Posted on: Saturday, May 1, 2004

UH losing its focus in WAC

 •  UTEP to leave WAC in '05
 •  UH Football:
UH football team indifferent to UTEP's conference switch

By Ferd Lewis
Advertiser Columnist

The University of Hawai'i-Manoa will shortly become the senior member of the Western Athletic Conference.

Hold the high-fives and put the parade on hold, though, because this is definitely no cause for celebration.

It just means that, like somebody who sits on the bench at the bus stop long enough, the Warriors/Rainbow Wahine/Rainbow Warriors/Rainbows have seen a lot of traffic go by.

Why they have been bystanders and not more proactive in determining their own fate is the question that needs to be asked.

So, too, is the matter of what the administration is going to do about it, if it isn't already too late.

By the time UTEP, which had joined the WAC 12 years before UH, officially moves on to Conference USA July 1, 2005, it will be the 13th school to have left the WAC in six years, the past five of which (UTEP, Rice, Southern Methodist, Texas Christian and Tulsa) have gone to

C-USA. TCU subsequently took an additional leap to the Mountain West.

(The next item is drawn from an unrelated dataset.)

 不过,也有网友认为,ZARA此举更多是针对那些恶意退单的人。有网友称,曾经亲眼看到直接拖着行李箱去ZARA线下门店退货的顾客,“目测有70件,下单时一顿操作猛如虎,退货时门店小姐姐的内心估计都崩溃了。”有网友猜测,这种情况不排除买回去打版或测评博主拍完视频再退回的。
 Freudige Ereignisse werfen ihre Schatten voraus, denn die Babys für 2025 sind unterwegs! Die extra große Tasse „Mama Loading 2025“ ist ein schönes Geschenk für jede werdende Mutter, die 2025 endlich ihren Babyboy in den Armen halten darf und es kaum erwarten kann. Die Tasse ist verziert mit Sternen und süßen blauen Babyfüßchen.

Suddenly, the WAC UH will compete in for 2005-06 will have no resemblance to the one the school was in a handful of years ago, much less the one it joined in 1979.

The Big West, maybe, the Big Sky, perhaps, but not the WAC.

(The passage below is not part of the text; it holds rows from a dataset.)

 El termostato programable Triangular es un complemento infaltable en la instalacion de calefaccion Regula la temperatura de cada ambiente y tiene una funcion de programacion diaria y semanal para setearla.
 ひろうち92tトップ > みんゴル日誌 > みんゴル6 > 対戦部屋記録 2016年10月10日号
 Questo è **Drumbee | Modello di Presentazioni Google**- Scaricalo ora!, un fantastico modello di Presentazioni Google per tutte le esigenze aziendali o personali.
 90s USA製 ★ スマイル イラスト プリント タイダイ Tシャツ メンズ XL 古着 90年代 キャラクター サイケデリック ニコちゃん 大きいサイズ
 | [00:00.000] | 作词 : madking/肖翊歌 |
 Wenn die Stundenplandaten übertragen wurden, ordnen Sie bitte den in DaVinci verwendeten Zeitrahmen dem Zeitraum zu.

Air Force, Brigham Young, Colorado State, New Mexico, San Diego State, Utah and Wyoming flew the coop in 1999 and now UTEP, a member since 1967, has announced it will bolt.

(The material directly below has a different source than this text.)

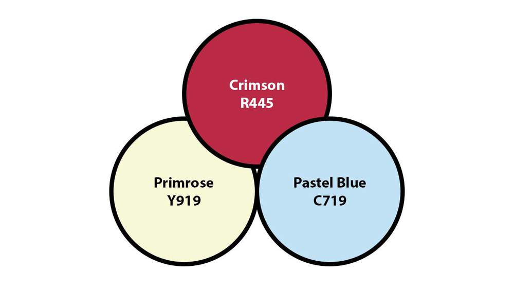 Primrose (Y919), Crimson (R445), Pastel Blue (C719)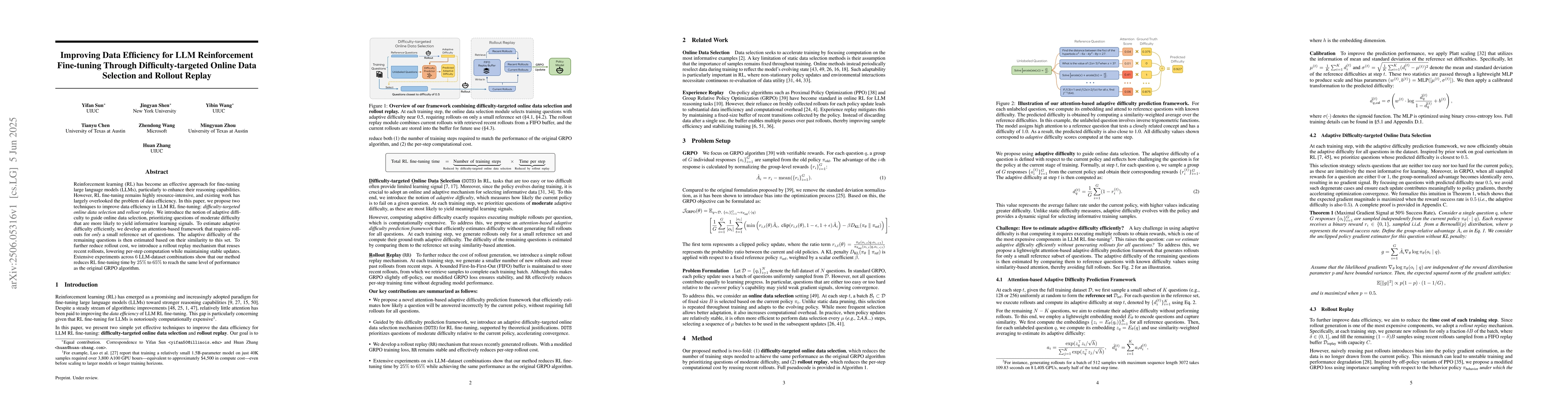 The paper proposes two techniques: difficulty-targeted online data selection and rollout replay, to enhance data efficiency in LLM RL fine-tuning. It introduces adaptive difficulty for guiding data selection and an attention-based framework for estimating this difficulty efficiently. Rollout replay is also introduced to reuse recent rollouts and reduce computation costs.

What UH has been left with for partners will soon include Utah State, New Mexico State and, quite possibly Idaho or North Texas. Can Montana Poly and Tumbleweed Tech be far behind?

Somewhere John A. Burns, the late governor who had the vision and decades-long perseverance to help get UH to the WAC's door, must be rolling over in his grave. Not that anyone could blame him.

Three years ago when UH President Evan Dobelle asked UH coaches where they wanted the school's athletic program to be it is doubtful anybody said they wanted it to be in these straits.

If Dobelle thought, "it doesn't make any sense for us to be in the WAC, in my opinion" a year ago, then how much sense does it make for UH to be in what the WAC will become by 2005?

While everybody was busy daydreaming about the Pac-10 and waiting for a Mountain West Conference call that never came, it seems the neighbors have left.

Somewhere somebody — or maybe several somebodies — have dropped the ball on UH's behalf. For its history in the WAC and what it has been able to bring to the conference, you'd think UH should be playing a major role in shaping the WAC for the better. Not being resigned to taking whatever it is left with.